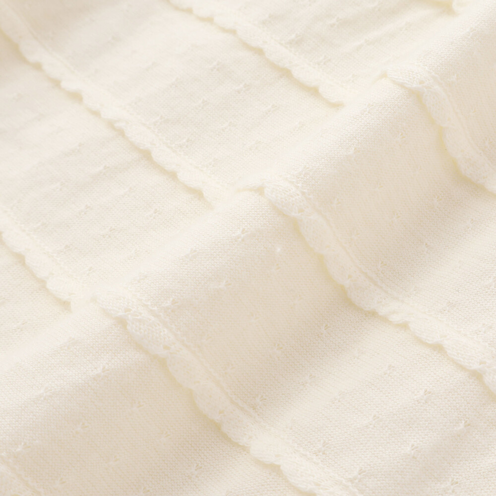 身生地にはやわらかな肌触りが魅力のレーシー天竺を使用し、襟部分は天竺素材で仕上げているため、快適な着心地と程よい伸縮性を兼ね備えています。
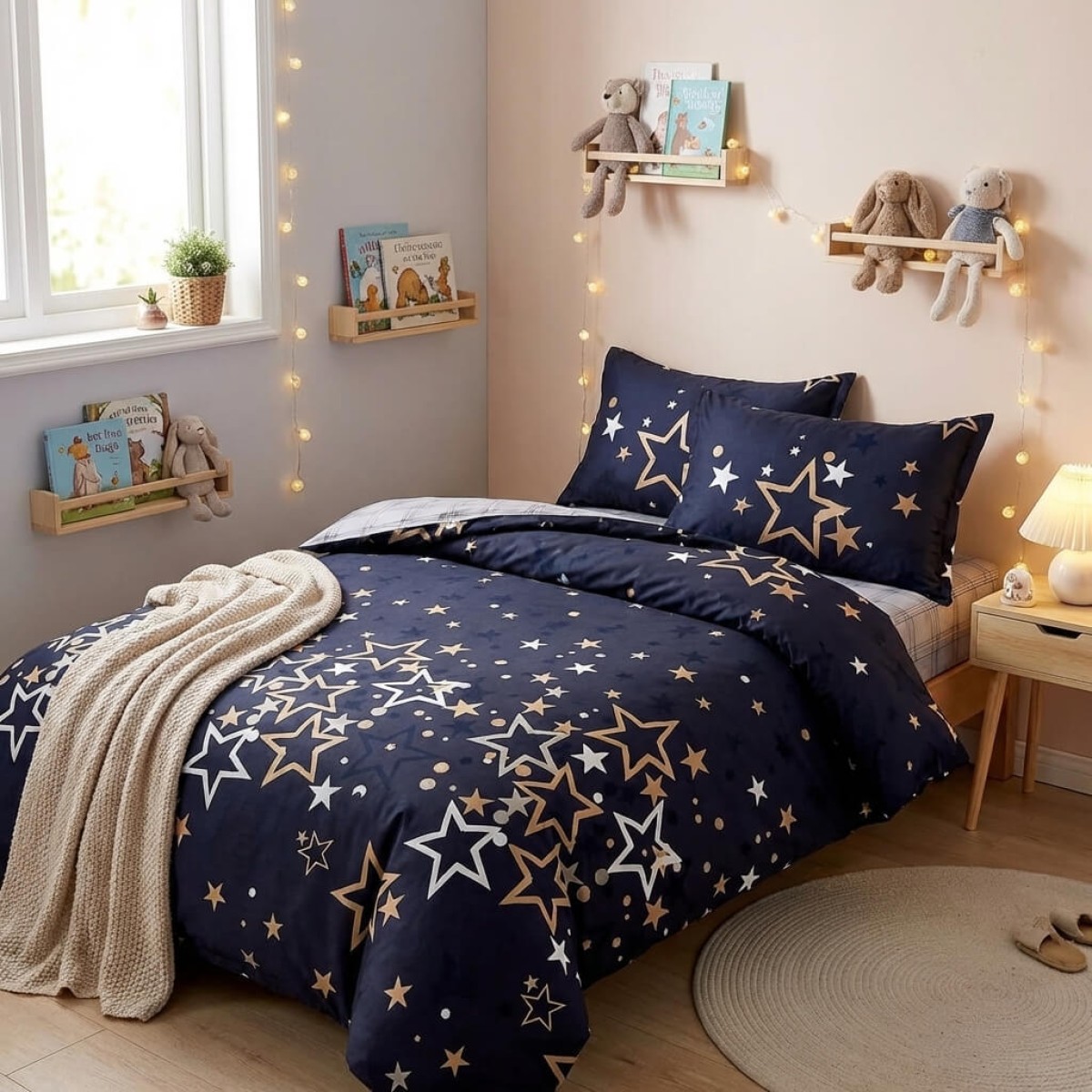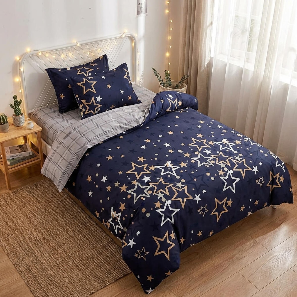 Спален комплект чаршафи за единично легло, от 4 части - Звездички
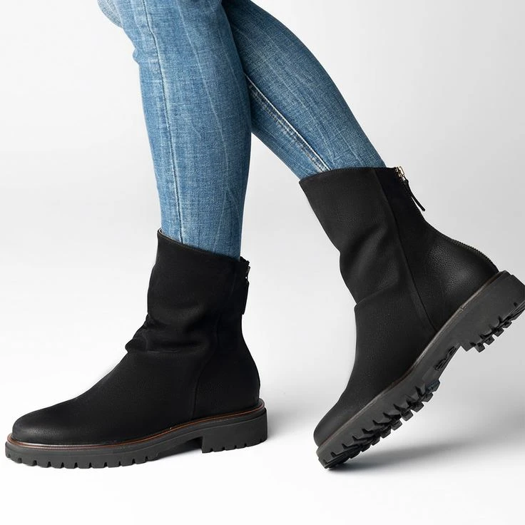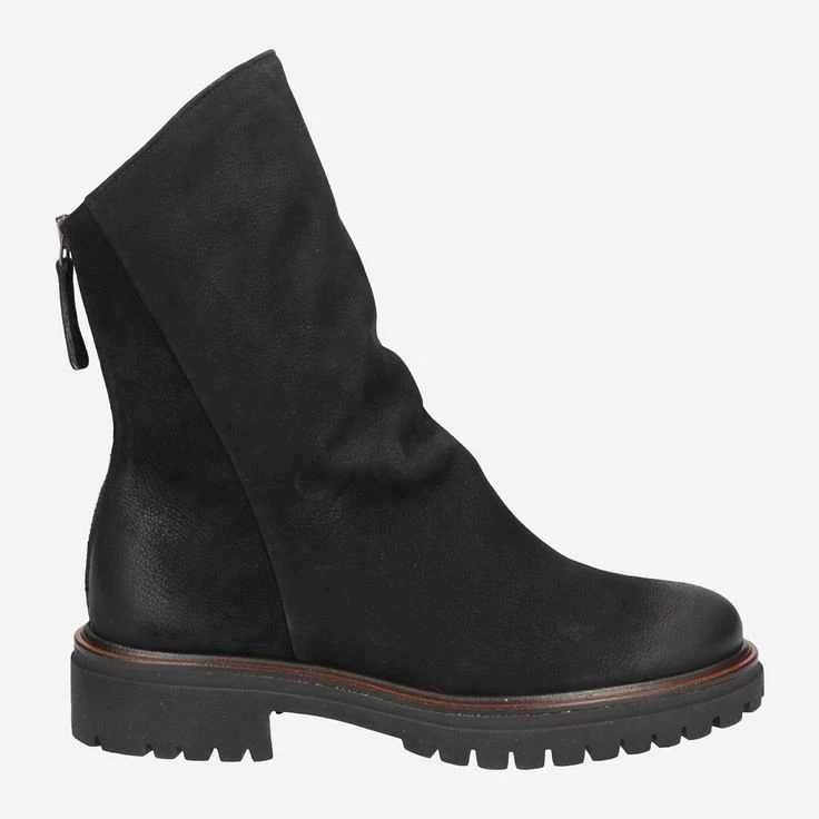 - Zipper in heel area, asymmetrical shaft(higher in front than in back), block heel, leather application at zipper, breathable
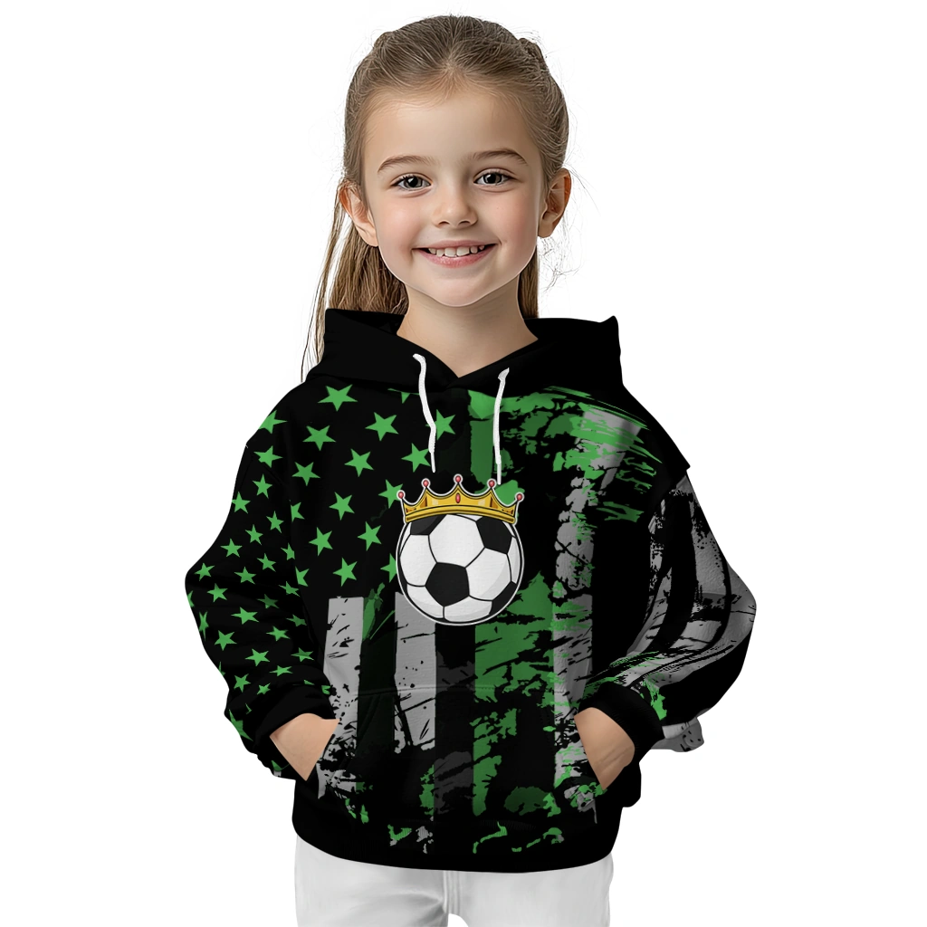 Soccer With Crown Hoodie – Personalized Distressed Flag Green Black
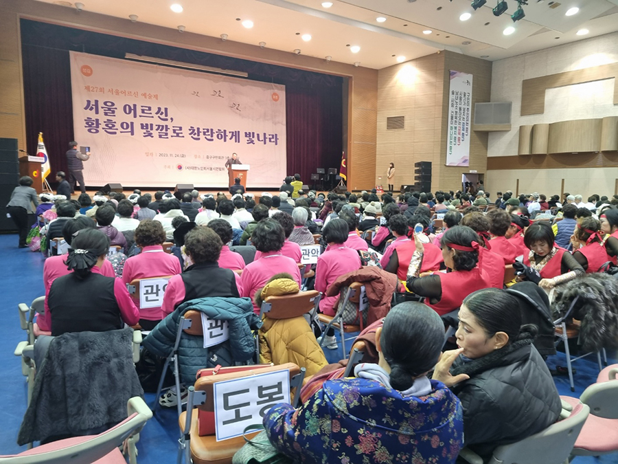 지난 11월 24(금) 중구구민회관 3층 대강당에서 '제27회 서울어르신 예술제'가 성황리에 개최되었다. 본지회는 기장갈매기노래와 무용을 선보이며 은상을 수상했다.![]()
--------------------------------------------------
_Problem details:_ Print exactly the first line of the entries and every line after it through the one that contains "Soccer With Crown", leaving the pictures out.

_Response for this exercise:_
 身生地にはやわらかな肌触りが魅力のレーシー天竺を使用し、襟部分は天竺素材で仕上げているため、快適な着心地と程よい伸縮性を兼ね備えています。
 Спален комплект чаршафи за единично легло, от 4 части - Звездички
 - Zipper in heel area, asymmetrical shaft(higher in front than in back), block heel, leather application at zipper, breathable
 Soccer With Crown Hoodie – Personalized Distressed Flag Green Black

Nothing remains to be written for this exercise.